UK notes with two-year yields have moved slightly amid speculation the economy is not growing fast e...
UK notes with two-year yields have moved slightly amid speculation the economy is not growing fast enough to warrant the Bank of England to raise interest rates in the near future.
As of 29 April, the 5% note maturing in June 2004 fell 0.02%, raising its yield one basis point to 4.75%.
Mike Lenhoff, chief global strategist at Gerrard, says the Deputy Governor of the Bank of England, who is generally viewed to be on the hawkish side of the debate concerning rate rises, has indicated that while there is a clear need for the economy to rebalance, it is still too soon to be confident that recovery is entrenched. He says: 'Against this backdrop, it seems improbable that the Monetary Policy Committee will decide to increase base rates for at least the next few months. Indeed, if the deceleration in retail spending growth proves to be sustainable and pricing power remains largely absent, it is quite conceivable that the authorities will look to keep policy on hold for rather longer. We are sticking to our view that base rates will end the year only marginally above current levels at 4.25%.'
Lenhoff adds that UK gilts remain locked in a tight trading band and says there is little reason to expect yields to move higher in the near term. Gerrard's outlook is that UK government bonds will continue to trade sideways in the short term.

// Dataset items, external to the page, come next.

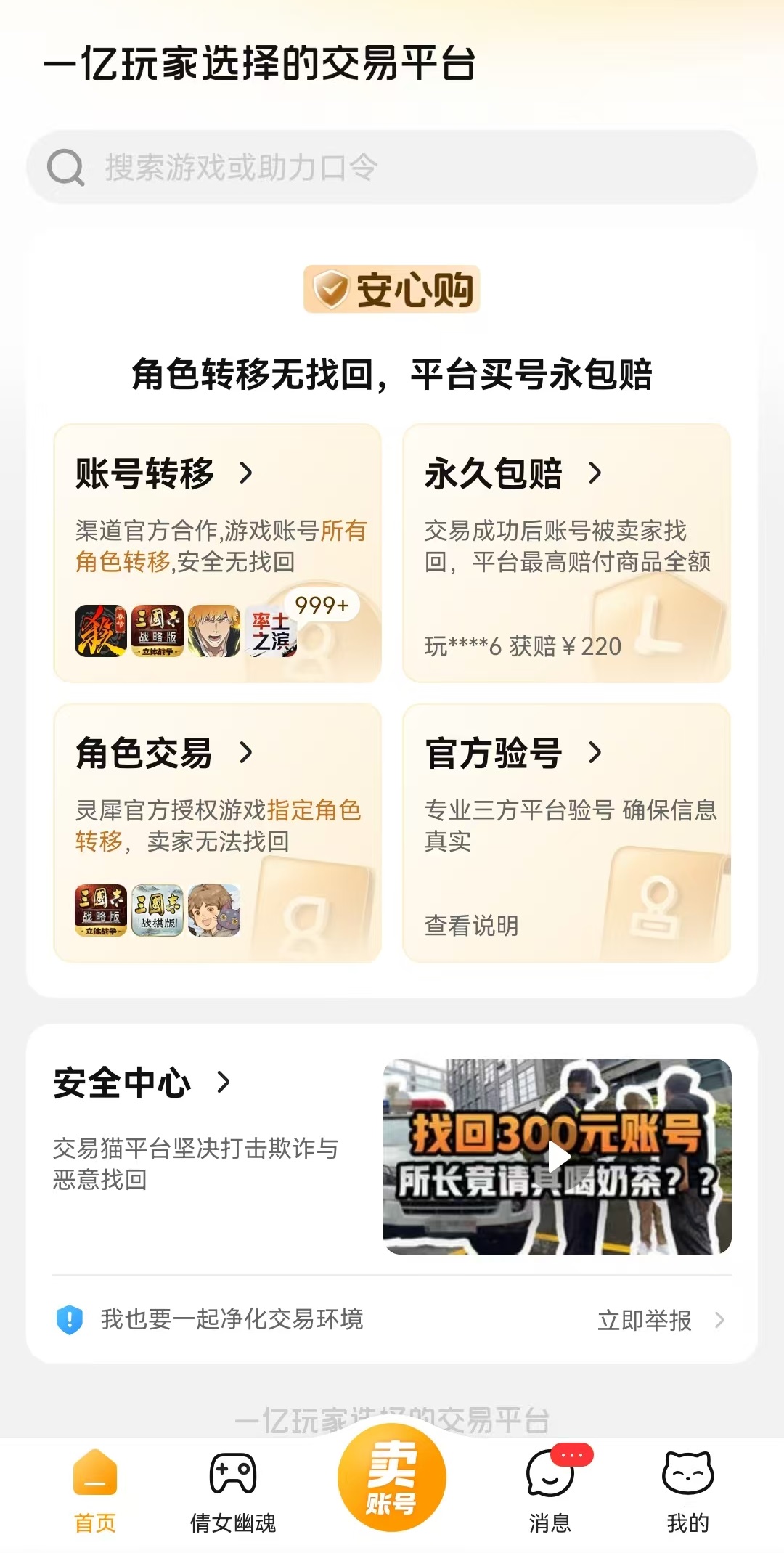 平台在用户体验层面持续优化:各游戏专区均配备结构化筛选模板,支持按等级、战力、充值金额、角色名称、服务器等关键数值维度快速过滤。用户仅需几步点击即可锁定目标账号,再横向比对价格与配置,决策效率显著提升。在安全保障方面,交易猫提供永久包赔服务,涵盖因账号被盗、被恶意找回导致的资金损失;同时执行官方验号机制,确保所售账号状态真实、绑定信息完整、无异常登录记录;另设诚信卖家评级体系,从源头强化交易可信度。多重风控叠加,有效压缩交易不确定性。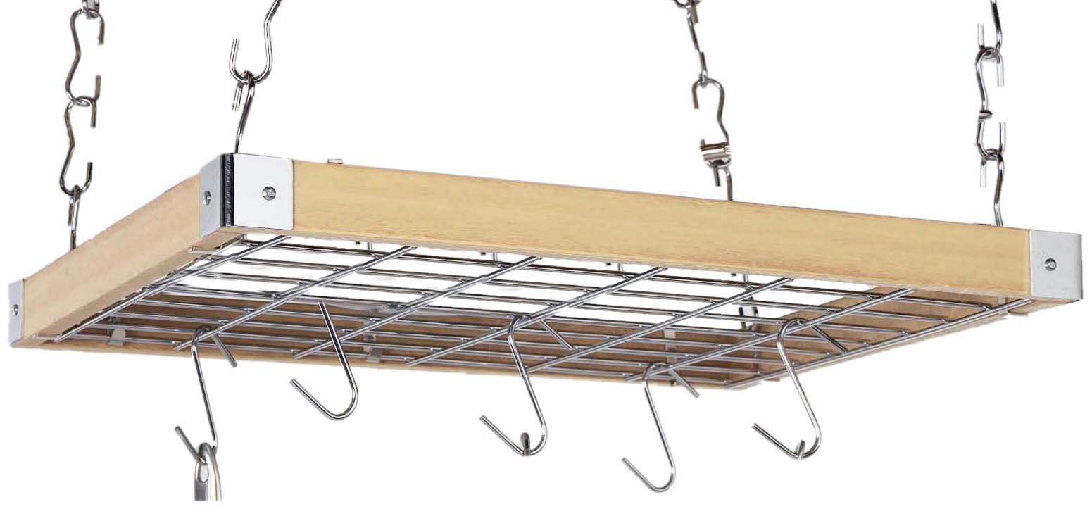This square ceiling pot rack provides efficient storage for all of your pots and pans. Ideal for use over your kitchen stove for rapid storage and elegant display. It also offers sturdy cast aluminum hooks suspended between a dual track system causing the hooks to slide or swivel into any desired position. This product is easy to install and includes all hardware needed to set up. With standard amount of hanging links this pot rack will hang 23-inch low.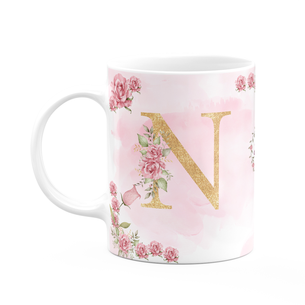 Caneca Floral Mães - Inicial do nome letra N - 325ml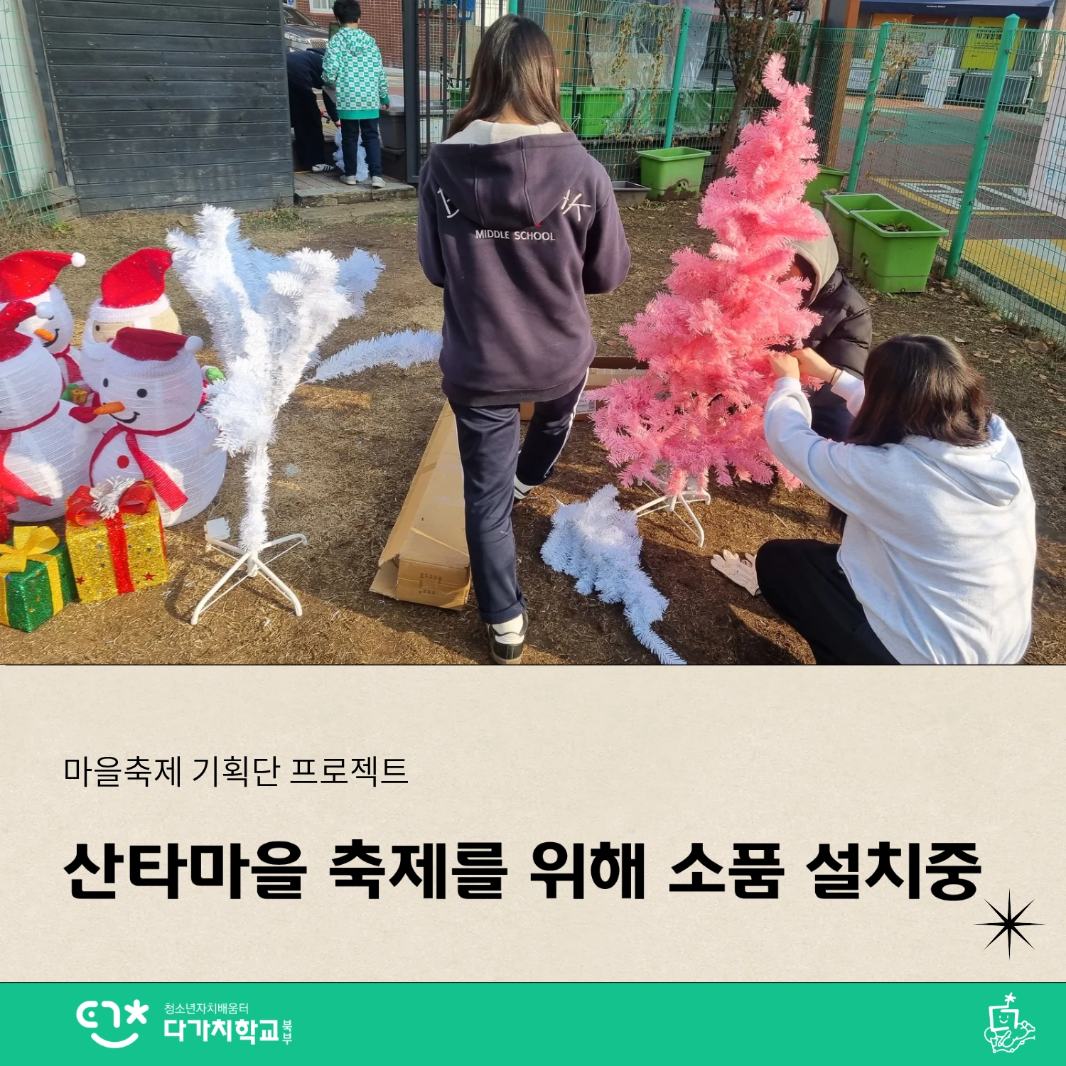 산타마을 축제를 위해 소품 설치중

Gilt yields did edge higher following the 17 April Budget announcement, which led many to believe that the Government will have to increase issuance.

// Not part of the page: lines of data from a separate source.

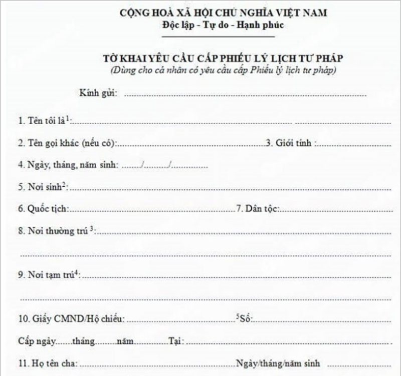 - Họ tên, giới tính, nơi sinh, ngày tháng năm sinh, quốc tịch, nơi cư trú, số CMND hoặc hộ chiếu, họ tên của cha, mẹ, vợ, chồng của người được cấp lý lịch tư pháp.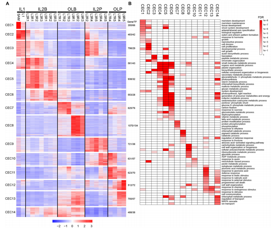 作者在全基因組水平上鑒定了不同葉片中的差異表達基因(DEG),以探索葉片之間的多樣性和潛在功能。通過分析,共發(fā)現(xiàn)9,133DEG,k-means聚類將差異基因分為14個共表達簇(CEC1-CEC14),這些CEC與圖1中的5個聚類簇緊密相關。IL1中DEGs的高表達水平以CEC1和2為代表。CEC1在SAM中高度表達,并以與分生組織發(fā)育、組織發(fā)育和近軸/遠軸極性相關的基因為代表。CEC2在SAM和L1高表達,包含與細胞分裂、細胞增殖、細胞生長和生長素生物合成過程相關的基因。IL2B中DEG的高表達水平以CEC4-6為代表。CEC4、5和6均富集于有機酸代謝過程、淀粉代謝過程、質(zhì)體組織和硫苷代謝、光合光反應等過程。IL2P中DEGs的高表達以CEC9為代表。CEC9富含植物細胞壁相關過程,包括壁組織或生物發(fā)生,以及果膠代謝過程。OLB中DEGs以CEC7和8為代表。CEC7在L7葉片中高表達,并以與蛋白質(zhì)修飾過程、蛋白質(zhì)磷酸化和蛋白質(zhì)絲氨酸/蘇氨酸激酶活性相關的基因為代表。這些結(jié)果反映L7具有明顯的信號轉(zhuǎn)導和基因調(diào)控特征。CEC8在L9葉片中高表達,含有一組與葉綠素分解代謝過程、細胞分解代謝過程、防御反應調(diào)節(jié)、果糖反應和脫落酸激活信號通路相關的基因。OLP中DEG的高表達水平以CEC11和12為代表。CEC11中的基因在L7-L9的葉柄中高度表達,在任何基因本體(GO)術語中均未富集。CEC12中的基因在L9的葉柄中高度表達。這些基因可能主要參與脫落酸激活的信號通路、茉莉酸(JA)代謝過程、JA反應、防御反應、生物刺激反應、水楊酸反應和外部刺激反應。這些結(jié)果表明,L9可能在保護多葉頭部免受外部損害方面發(fā)揮作用。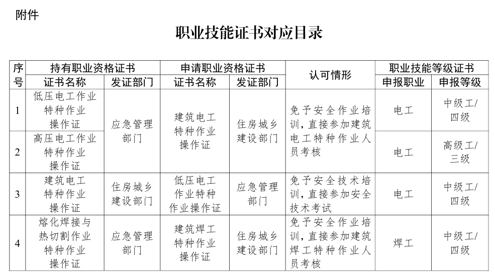(一)推进电工职业资格证书互通互认。取得应急管理部门颁发的合法有效的低压电工作业、高压电工作业特种作业操作证的人员,在向住房城乡建设部门申请建筑电工特种作业操作证时,可免予安全作业培训,直接参加建筑电工特种作业人员考核。取得住房城乡建设部门颁发的合法有效的建筑电工特种作业操作证的人员,在申请应急管理部门低压电工作业特种作业操作证时,可免予安全技术培训,直接参加安全技术考试。参见附件中序号1—3。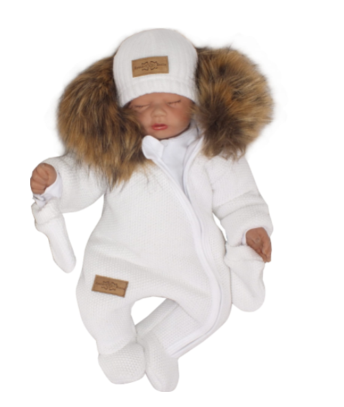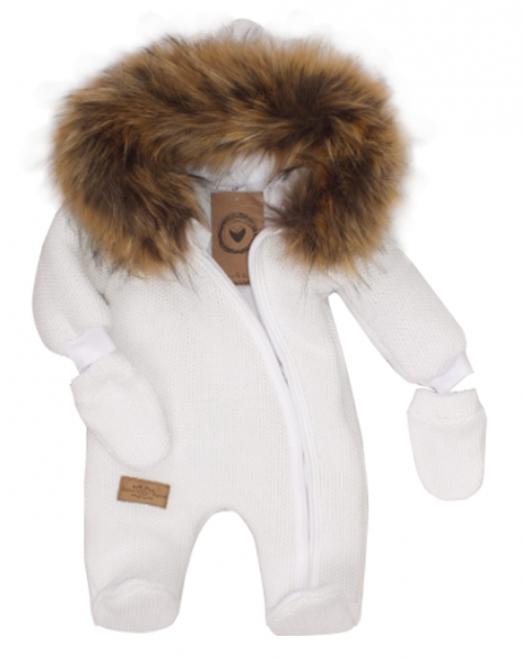 Z&Z Zimní kombinéza s kapucí a kožešinou + rukavičky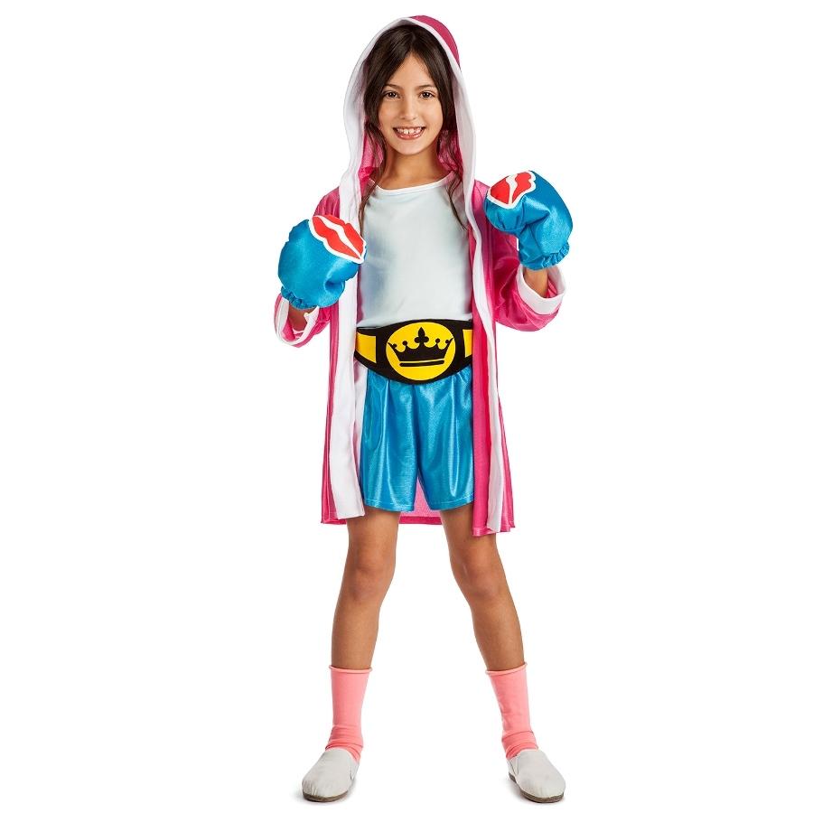 Menina em fato de boxe rosa, azul e branco com luvas e cinto amarelo com coroa preta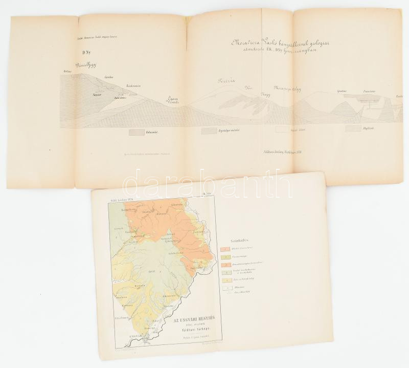 2 db ritkább térkép 1876 Moravicza Vaskő bányatelkeinek geológiai átmetszete. Litográfia 69x24 cm + 1874 Az Ungvári hegység délnyugati részének földtani térképe. Rybár J. Litográfia. 32x25 cm

According to Threadneedle's bond team, the Chancellor's growth forecasts were optimistic and further gilt issuance may be necessary to meet the additional £24bn of expenditure announced in the Budget.

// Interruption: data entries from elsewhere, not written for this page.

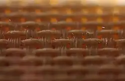 Após a trama ser inferida, o pente bate (impulsionado por excêntricos)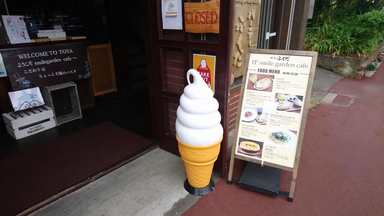 洞爺湖温泉街で見つけたおしゃれなカフェです。温泉街を歩くといろいろなお店があって、気になるのでついつい立ち寄ってしまいます。このカフェは、焼きカレーやパスタがおいしいようですが、悲しいかなおなかはいっぱいです。そこでコーヒーだけいただくことにしました。酸味のあるコーヒーで一息入れるのには良いです。しかし、わずか200メートルほどしか歩いていないのに、すでに3件のお店に立ち寄っています。次は、どこに行こうか、コーヒーを飲みながら考えます。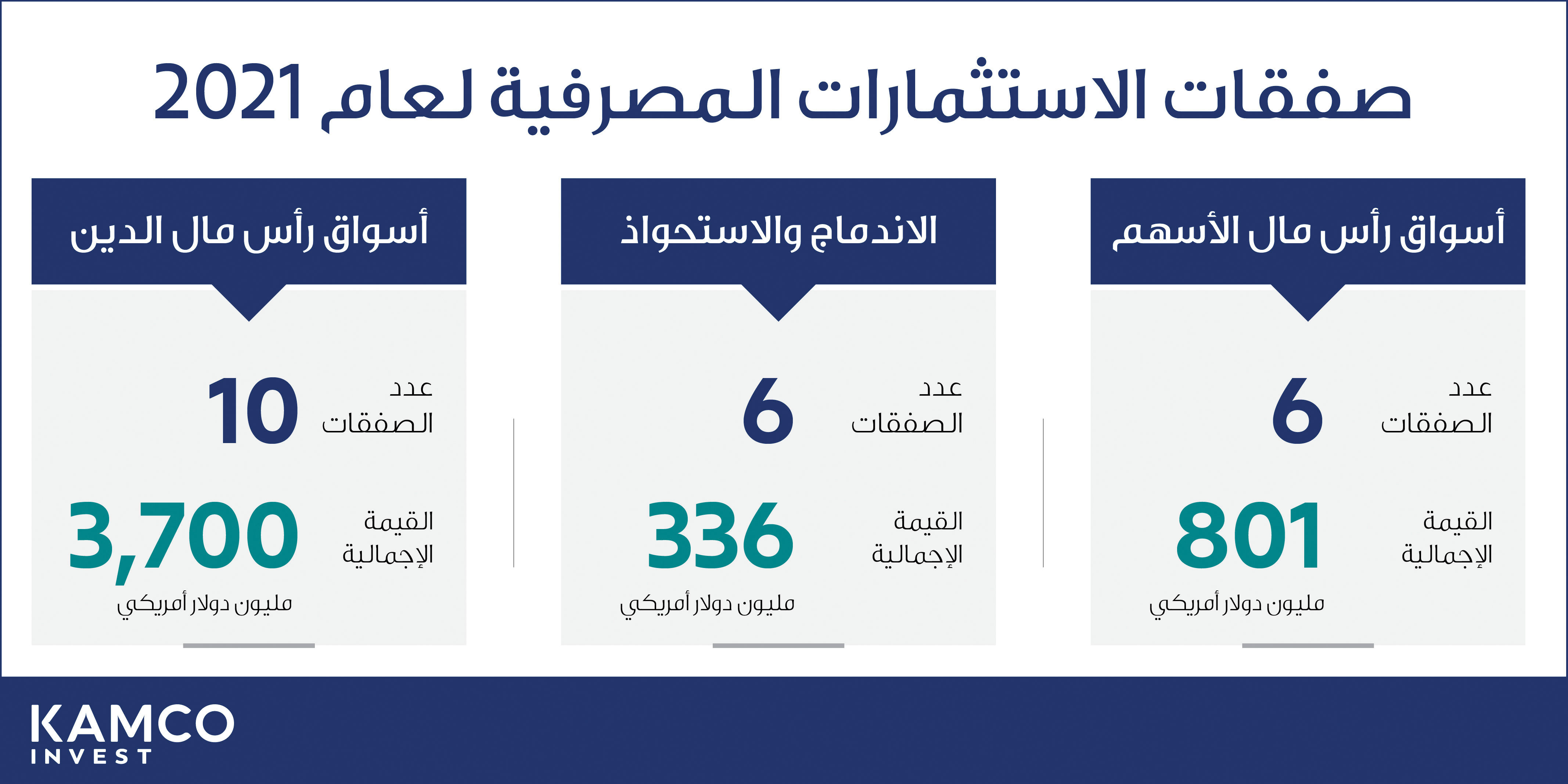 «كامكو إنفست»: «الاستثمارات المصرفية» نفذ 22 صفقة بـ 4.8 مليارات دولار خلال 2021

The expenditure outlined in the Budget and the Government's slightly looser monetary policy will raise yields in the gilt market but only at the margins, according to Paul Read, bond fund manager at Invesco Perpetual. He says: 'At the margin, we may see some creeping issuance but I do not think Gordon Brown wants to issue too much and he is likely to be fairly prudent about it.'
In fact, shortly after the Budget was released, the UK Debt Management Office (DMO), the Treasury's financing arm, said it would sell £600m less of gilts maturing in 15 years and longer.
Prior to the Budget, the DMO said it planned to raise £23bn from bond sales starting 1 April, up from the £13.75bn in the year ending 31 March. It will now seek to raise £22.4bn.
According to Bloomberg reports, gilt sales will comprise £5.5bn in short-maturity debt, £5.5bn in medium-dated bonds and £6.9bn in conventional bonds due in 15 years or more, plus £4.5bn in index-linked gilts.
The short end of US government bonds meanwhile are suffering as concerns grow that the federal budget deficit will mean the Government has to increase sales of Treasuries.
On 29 April, the 3.375% note, maturing in April 2004, fell more than 2%, its yield adding three basis points to 3.24%. According to Bloomberg, earlier in April, the US Treasury sold $25bn in two-year bonds, unchanged from its previous offerings, but worries about a growing deficit has created pressure on the short end of the curve.